Records from a collection:
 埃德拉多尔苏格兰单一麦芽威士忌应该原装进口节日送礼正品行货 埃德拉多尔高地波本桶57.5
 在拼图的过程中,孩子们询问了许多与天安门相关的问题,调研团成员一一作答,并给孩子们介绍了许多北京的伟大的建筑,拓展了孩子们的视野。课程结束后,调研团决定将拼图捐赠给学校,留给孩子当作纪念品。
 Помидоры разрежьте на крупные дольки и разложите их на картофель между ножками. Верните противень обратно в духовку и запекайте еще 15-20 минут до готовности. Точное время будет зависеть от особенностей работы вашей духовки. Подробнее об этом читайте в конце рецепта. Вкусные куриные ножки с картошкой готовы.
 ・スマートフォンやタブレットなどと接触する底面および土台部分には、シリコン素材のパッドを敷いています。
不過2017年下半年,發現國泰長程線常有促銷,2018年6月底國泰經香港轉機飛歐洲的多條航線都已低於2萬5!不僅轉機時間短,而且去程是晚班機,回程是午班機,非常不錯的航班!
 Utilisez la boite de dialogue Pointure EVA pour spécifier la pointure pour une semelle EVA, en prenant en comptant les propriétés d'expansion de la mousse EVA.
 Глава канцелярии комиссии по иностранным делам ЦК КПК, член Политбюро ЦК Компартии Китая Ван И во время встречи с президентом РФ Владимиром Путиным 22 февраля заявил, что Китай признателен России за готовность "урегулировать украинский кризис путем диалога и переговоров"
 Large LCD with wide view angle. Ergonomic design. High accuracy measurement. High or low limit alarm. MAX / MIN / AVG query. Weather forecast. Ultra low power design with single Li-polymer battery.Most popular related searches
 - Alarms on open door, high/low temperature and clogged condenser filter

▶ Your assignment:
Please transcribe all of the data above exactly.

▶ Answer to the exercise:
 埃德拉多尔苏格兰单一麦芽威士忌应该原装进口节日送礼正品行货 埃德拉多尔高地波本桶57.5
 在拼图的过程中,孩子们询问了许多与天安门相关的问题,调研团成员一一作答,并给孩子们介绍了许多北京的伟大的建筑,拓展了孩子们的视野。课程结束后,调研团决定将拼图捐赠给学校,留给孩子当作纪念品。
 Помидоры разрежьте на крупные дольки и разложите их на картофель между ножками. Верните противень обратно в духовку и запекайте еще 15-20 минут до готовности. Точное время будет зависеть от особенностей работы вашей духовки. Подробнее об этом читайте в конце рецепта. Вкусные куриные ножки с картошкой готовы.
 ・スマートフォンやタブレットなどと接触する底面および土台部分には、シリコン素材のパッドを敷いています。
不過2017年下半年,發現國泰長程線常有促銷,2018年6月底國泰經香港轉機飛歐洲的多條航線都已低於2萬5!不僅轉機時間短,而且去程是晚班機,回程是午班機,非常不錯的航班!
 Utilisez la boite de dialogue Pointure EVA pour spécifier la pointure pour une semelle EVA, en prenant en comptant les propriétés d'expansion de la mousse EVA.
 Глава канцелярии комиссии по иностранным делам ЦК КПК, член Политбюро ЦК Компартии Китая Ван И во время встречи с президентом РФ Владимиром Путиным 22 февраля заявил, что Китай признателен России за готовность "урегулировать украинский кризис путем диалога и переговоров"
 Large LCD with wide view angle. Ergonomic design. High accuracy measurement. High or low limit alarm. MAX / MIN / AVG query. Weather forecast. Ultra low power design with single Li-polymer battery.Most popular related searches
 - Alarms on open door, high/low temperature and clogged condenser filter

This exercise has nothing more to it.